> [Exercise]: Would you return every line of the listing below that has "радикальных" in it?

> [Data to examine]:
....................

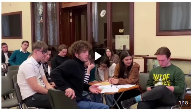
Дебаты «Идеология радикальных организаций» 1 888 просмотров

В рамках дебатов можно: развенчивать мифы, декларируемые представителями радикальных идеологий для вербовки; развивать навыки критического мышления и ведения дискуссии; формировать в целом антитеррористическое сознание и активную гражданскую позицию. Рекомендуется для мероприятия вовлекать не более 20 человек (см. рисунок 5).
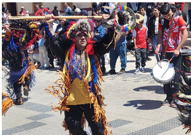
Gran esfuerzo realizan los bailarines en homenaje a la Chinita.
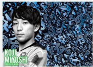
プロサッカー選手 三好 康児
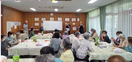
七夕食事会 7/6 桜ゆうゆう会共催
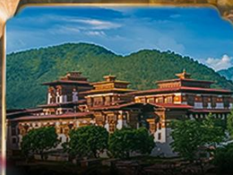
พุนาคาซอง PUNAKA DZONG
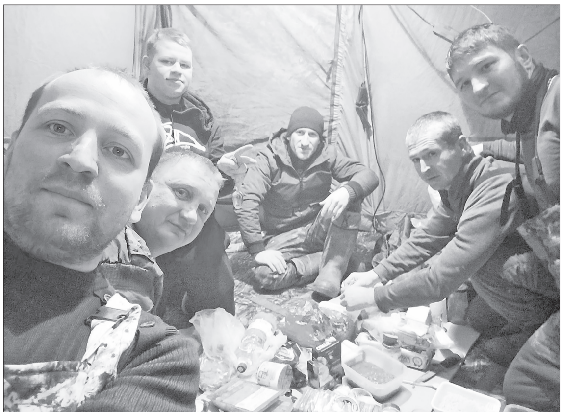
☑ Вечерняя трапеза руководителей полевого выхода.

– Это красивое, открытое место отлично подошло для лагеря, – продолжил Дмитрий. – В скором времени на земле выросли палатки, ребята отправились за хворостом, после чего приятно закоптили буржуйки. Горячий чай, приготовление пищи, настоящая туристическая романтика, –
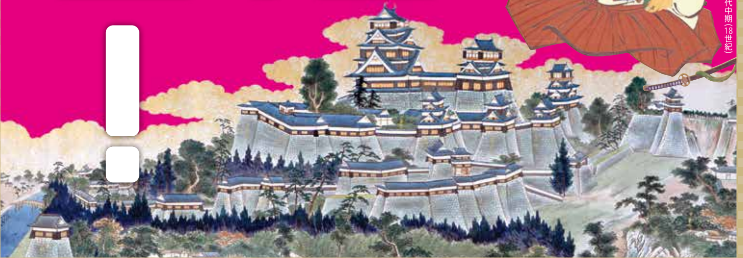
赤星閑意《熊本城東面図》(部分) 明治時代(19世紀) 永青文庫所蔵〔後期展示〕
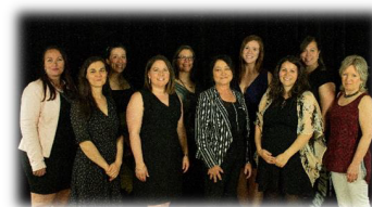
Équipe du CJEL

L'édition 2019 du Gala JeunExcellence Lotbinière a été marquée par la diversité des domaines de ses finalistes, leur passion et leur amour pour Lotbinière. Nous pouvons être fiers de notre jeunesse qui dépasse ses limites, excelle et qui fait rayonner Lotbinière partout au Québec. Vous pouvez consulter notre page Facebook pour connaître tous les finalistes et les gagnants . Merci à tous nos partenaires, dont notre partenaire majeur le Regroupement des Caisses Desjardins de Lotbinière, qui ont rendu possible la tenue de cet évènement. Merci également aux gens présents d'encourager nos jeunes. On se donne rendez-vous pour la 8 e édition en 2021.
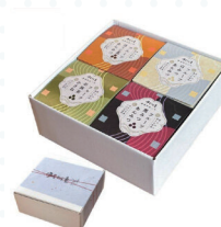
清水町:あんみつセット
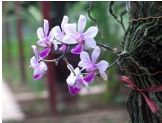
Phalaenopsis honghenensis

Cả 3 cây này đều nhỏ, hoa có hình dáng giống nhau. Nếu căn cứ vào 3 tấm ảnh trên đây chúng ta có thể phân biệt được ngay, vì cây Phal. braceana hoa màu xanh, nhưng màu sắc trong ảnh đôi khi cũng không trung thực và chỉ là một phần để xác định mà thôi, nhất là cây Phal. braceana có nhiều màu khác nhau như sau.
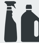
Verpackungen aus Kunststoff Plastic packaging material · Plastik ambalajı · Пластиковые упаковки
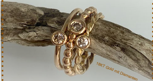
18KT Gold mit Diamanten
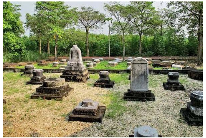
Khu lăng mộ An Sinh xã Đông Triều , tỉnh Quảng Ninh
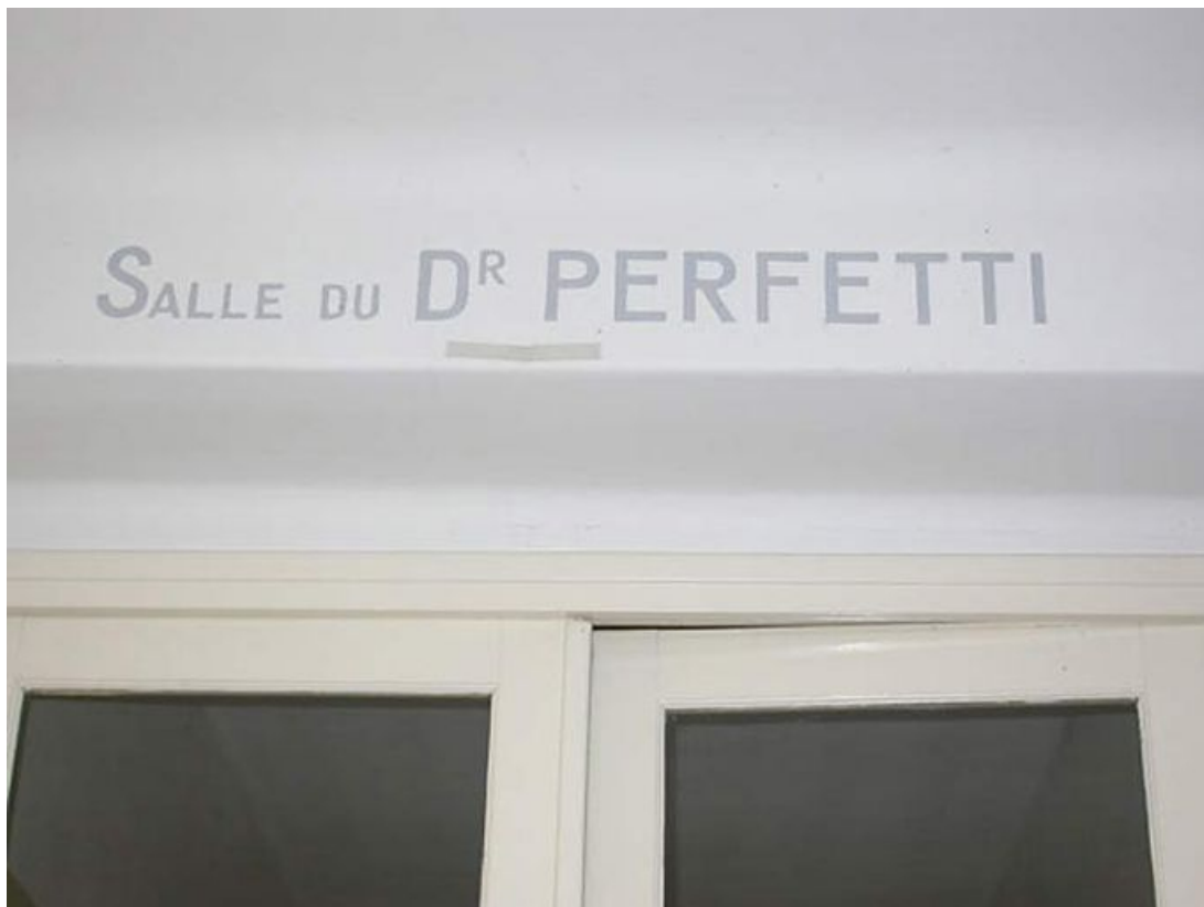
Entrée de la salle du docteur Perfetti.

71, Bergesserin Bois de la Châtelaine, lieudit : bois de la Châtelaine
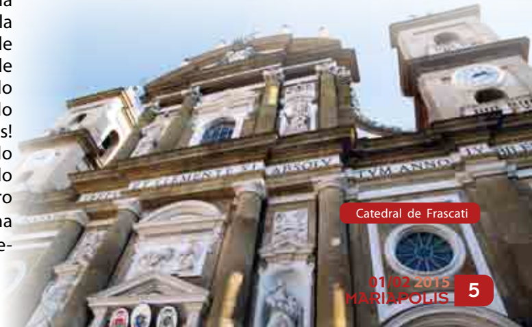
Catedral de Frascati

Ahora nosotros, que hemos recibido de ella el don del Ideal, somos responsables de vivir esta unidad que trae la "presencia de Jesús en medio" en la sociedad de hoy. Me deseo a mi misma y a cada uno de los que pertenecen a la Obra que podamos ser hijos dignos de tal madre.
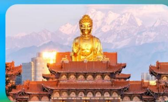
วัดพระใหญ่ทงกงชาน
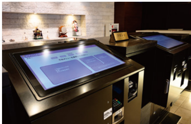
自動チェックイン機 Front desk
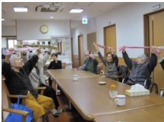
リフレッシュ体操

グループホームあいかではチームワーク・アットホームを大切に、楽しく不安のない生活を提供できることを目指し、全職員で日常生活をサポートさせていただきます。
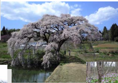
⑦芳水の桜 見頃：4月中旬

....................

> [Response area]:
Дебаты «Идеология радикальных организаций» 1 888 просмотров
В рамках дебатов можно: развенчивать мифы, декларируемые представителями радикальных идеологий для вербовки; развивать навыки критического мышления и ведения дискуссии; формировать в целом антитеррористическое сознание и активную гражданскую позицию. Рекомендуется для мероприятия вовлекать не более 20 человек (см. рисунок 5).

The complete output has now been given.